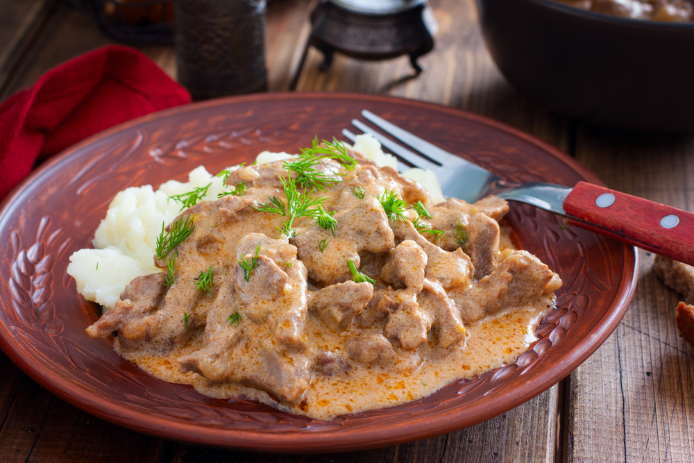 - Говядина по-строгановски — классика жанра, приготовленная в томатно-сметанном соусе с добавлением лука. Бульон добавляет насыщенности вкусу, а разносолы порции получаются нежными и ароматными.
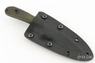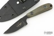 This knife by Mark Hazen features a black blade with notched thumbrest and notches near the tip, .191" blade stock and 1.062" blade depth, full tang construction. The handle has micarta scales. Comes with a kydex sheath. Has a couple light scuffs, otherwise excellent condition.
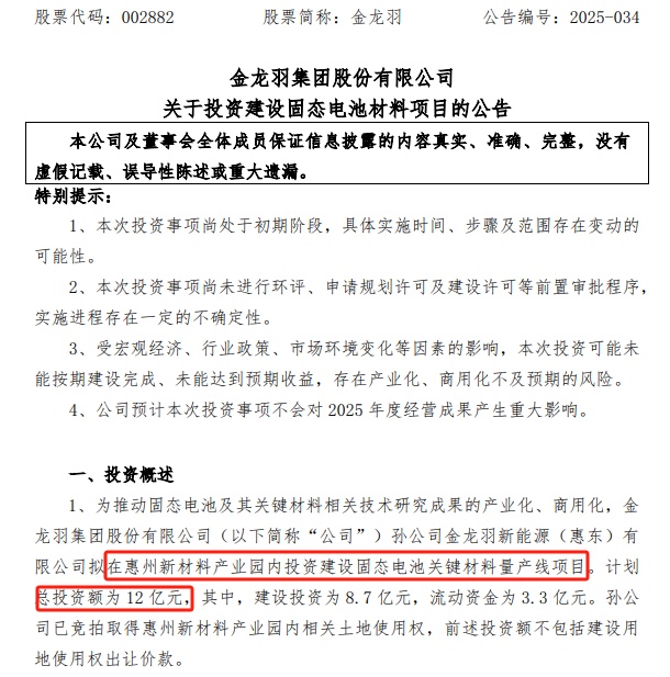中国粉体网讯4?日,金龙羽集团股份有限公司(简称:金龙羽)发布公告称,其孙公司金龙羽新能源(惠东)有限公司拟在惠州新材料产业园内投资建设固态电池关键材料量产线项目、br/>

--

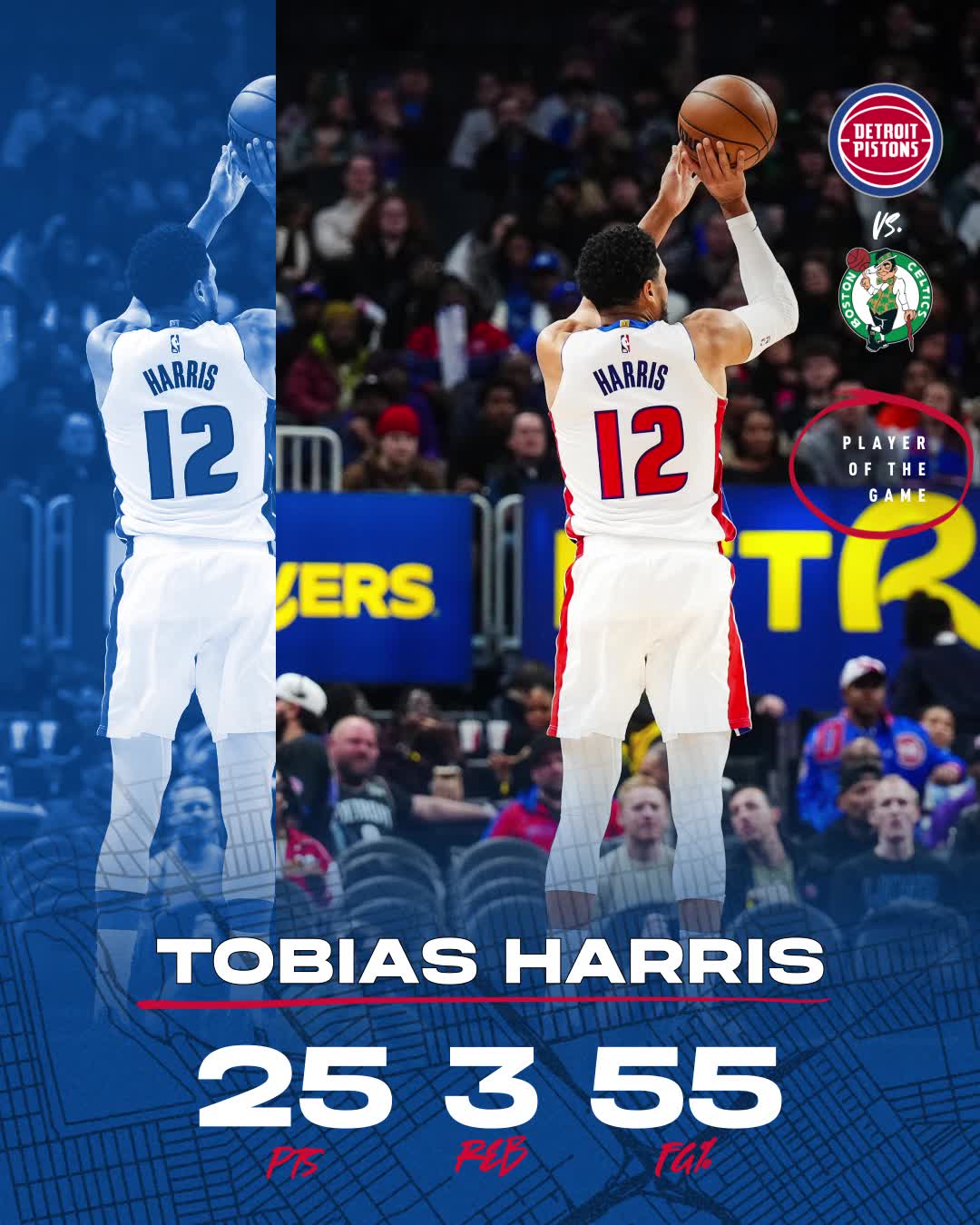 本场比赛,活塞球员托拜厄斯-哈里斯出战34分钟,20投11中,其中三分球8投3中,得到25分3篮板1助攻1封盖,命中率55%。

▸ Task: Starting at the line above that holds "- Говядина по-строгановски", return each line up to and including the one that holds "中国粉体网讯4?日,金龙羽集", exactly as written, minus any pictures.

▸ Response to this task:
 - Говядина по-строгановски — классика жанра, приготовленная в томатно-сметанном соусе с добавлением лука. Бульон добавляет насыщенности вкусу, а разносолы порции получаются нежными и ароматными.
 This knife by Mark Hazen features a black blade with notched thumbrest and notches near the tip, .191" blade stock and 1.062" blade depth, full tang construction. The handle has micarta scales. Comes with a kydex sheath. Has a couple light scuffs, otherwise excellent condition.
中国粉体网讯4?日,金龙羽集团股份有限公司(简称:金龙羽)发布公告称,其孙公司金龙羽新能源(惠东)有限公司拟在惠州新材料产业园内投资建设固态电池关键材料量产线项目、br/>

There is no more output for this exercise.